Tasmanian way-a-linah, a cider-link drink produced by Palawa people for millennia, has been long overlooked in Australian history, along with all other Indigenous fermented beverages. 

Records of many First Australians’ traditions, particularly relating to drinks and agriculture, were “eradicated early on by colonization, dispossession and the frontier wars,” writes Max Allen in Intoxicating: Ten Drinks that Shaped Australia. “All dreadfully effective ways of erasing a culture. 

“Even where the practices or knowledge did survive and were recorded, those records have often been willfully ignored by the dominant culture over the last 200 years.” 

It was so ignored that the belief that Australia is the world’s lone “dry continent,” that its early Aboriginal and Torres Strait Island peoples were among the planet’s few Indigenous societies to live without learning to make alcoholic beverages, remains widespread Down Under. 

Today, in some Australian Indigenous communities, ancient fermentation practices are being revived, albeit on a small scale.

In 2013, the Tasmanian Land Conservancy, Aboriginal Land Council of Tasmania and Tasmanian Aboriginal Centre purchased nearly 17,000 acres in the island’s central highlands. Way-a-linah, in danger of disappearing, is now made by some Palawa peoples, who use local trees to produce the drink. 

“We have tried [making way-a-linah] a few times as a way to try and bring back the cultural practice, to rebuild that connection between Aboriginal people and those trees and that drink,” says Andry Sculthorpe, land and heritage officer at the Tasmanian Aboriginal Centre and a member of the Palawa community. Way-a-linah’s history is evidenced on the trees that produce the sap that is the drink’s sole ingredient. Scars from tomahawks are common on some of the 300–400-year-old Eucalyptus Gunnii trees, commonly known as “cider gums,” which grow almost exclusively in Tasmania’s central highlands.

Similar to how maple syrup is tapped in North America, Palawa peoples and other First Australians would harvest the sap that cider gum trees “weep” every year.
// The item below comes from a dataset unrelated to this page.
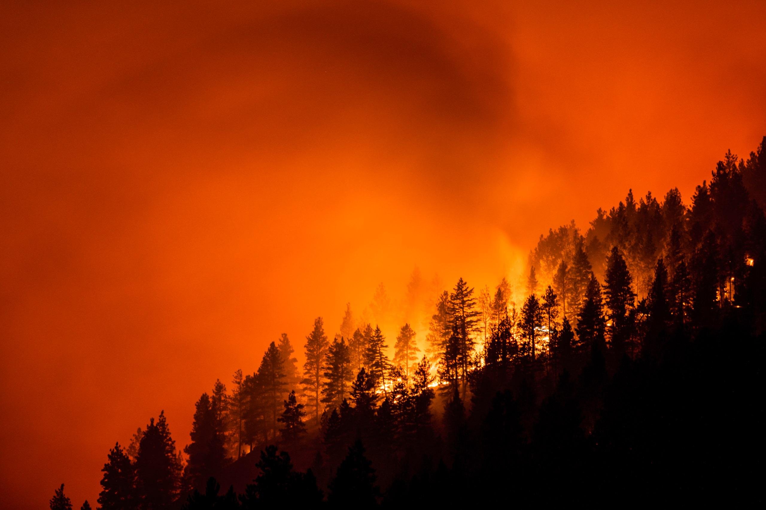 Пожар в лесу ночью

The watery, mildly sweet sap could be enjoyed on its own, or they might let it run down the trunk into the tree’s hollows, which they covered with flat stones to protect it from sap-loving insects and critters. The natural yeasts then fermented the liquid, producing mildly alcoholic way-a-linah. 

In an 1835 entry in Ross’s Hobart Town Almanac, a gentleman named Mr. Blackhouse reportedly described way-a-linah as “a liquor resembling black beer, obtained by boring the trunk,” according to an article by J.D. Hooker in The London Journal of Botany, Vol. III. But many other accounts say it more closely resembles a delicately sweet cider with a dry finish.
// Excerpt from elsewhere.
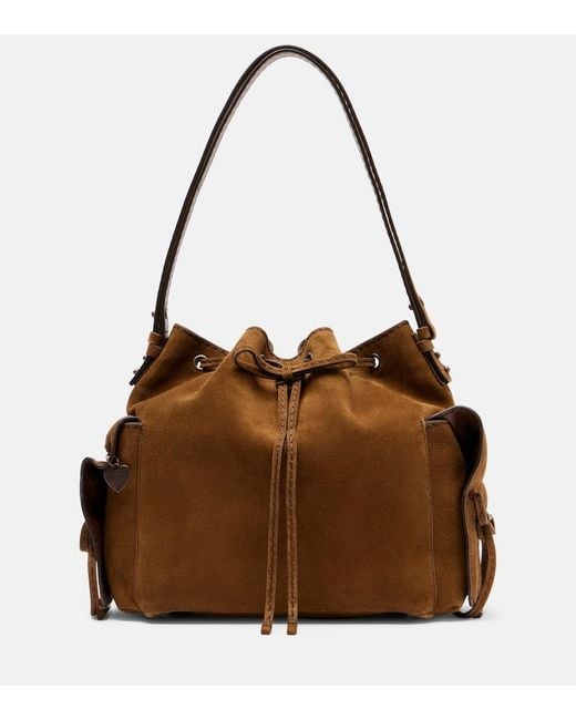 Women's Brown Suede Bucket Bag

“As it starts to ferment a bit, it’s quite sweet,” says Sculthorpe. “And then over a period of time, it gets more tangy. You can see how Europeans chose the name ‘cider’ gum, because it actually does resemble the flavor of cider.”

Unfortunately, a revival of way-a-linah is challenged by rapidly changing conditions. The climate sensitive cider gums are dying.
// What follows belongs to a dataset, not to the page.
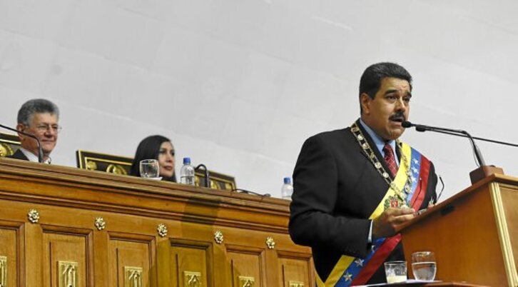 «Llamo a un diálogo constructivo para la construcción de una nueva economía, para desactivar cualquier mecanismo vinculado a la especulación de la moneda, de los precios, para que el capitalismo salvaje no se siga tragando a nuestra moneda», afirmó el presidente venezolano, Nicolás Maduro, en su intervención anual ante el Parlamento, de mayoría opositora.

Perched some 3,280 feet above sea level, cider gums are often exposed to the elements in areas too frost prone for most other eucalypts.

Temperatures have risen steadily in Tasmania’s central highlands for the past 75 years.

Combined with industrial clearing throughout the 1980s and ’90s, animal grazing, frequent fires and drought, some estimate that up to 60% of mature trees had died by 2001.

Today, one of the two subspecies of Eucalyptus Gunnii called “divaricata” or “Miena” cider gum, known for its particularly sweet sap, is listed as an endangered species.

Tasmanian cider gum tree that has died because of today's dryer, warmer climate
Tasmanian cider gum tree / Getty

“There’s uncertainty there because the trees are in decline,” says Sculthorpe. “It’s possible, at the current trajectory, they will be gone. There needs to be more focus on the protection of the living trees, and also work done around the understanding of [those] in the landscape that have cultural heritage value. Trees that have had the markings of traditional use.”

There have been efforts to replant cider gums on the island. In Tasmania’s far south, Clive Crossley of Red Sails Cider planted a tree on his property in 1988. It blew down in a gale in 2020, which revealed “serious fungal and insect damage,” he says.

Caroline Brown, cofounder of Brady’s Lookout Cider in northern Tasmania, is currently planting a small number of cider gums. But seeds are hard to come by, and it takes many years before a tree is mature enough to tap.

“We may look to explore using the cider gum for beverages in the future, but this would be a long-term goal,” says Brown. “Our first aim is conservation.” 

The use of Indigenous ingredients in modern Australian cooking and fermentation is on the rise.

Botanicals like wattleseed, strawberry gum and native juniper find their way into beers, spirits and even wine.

As the “dry continent” belief begins to crumble for some Australians, the fermented drinks made by the continent’s Indigenous peoples may rival some of the oldest alcoholic beverages on the planet. But it also leaves their traditions exposed to appropriation.

“I think it’s super exciting to see all this innovation,” says Allen. “Embracing Indigenous ingredients will lead to the creation of some uniquely Australian drinks. But it’s crucial that this is done properly, in partnership with Aboriginal and Torres Strait Islander people, fully acknowledging and respecting their ownership of the traditional knowledge and cultural practices.”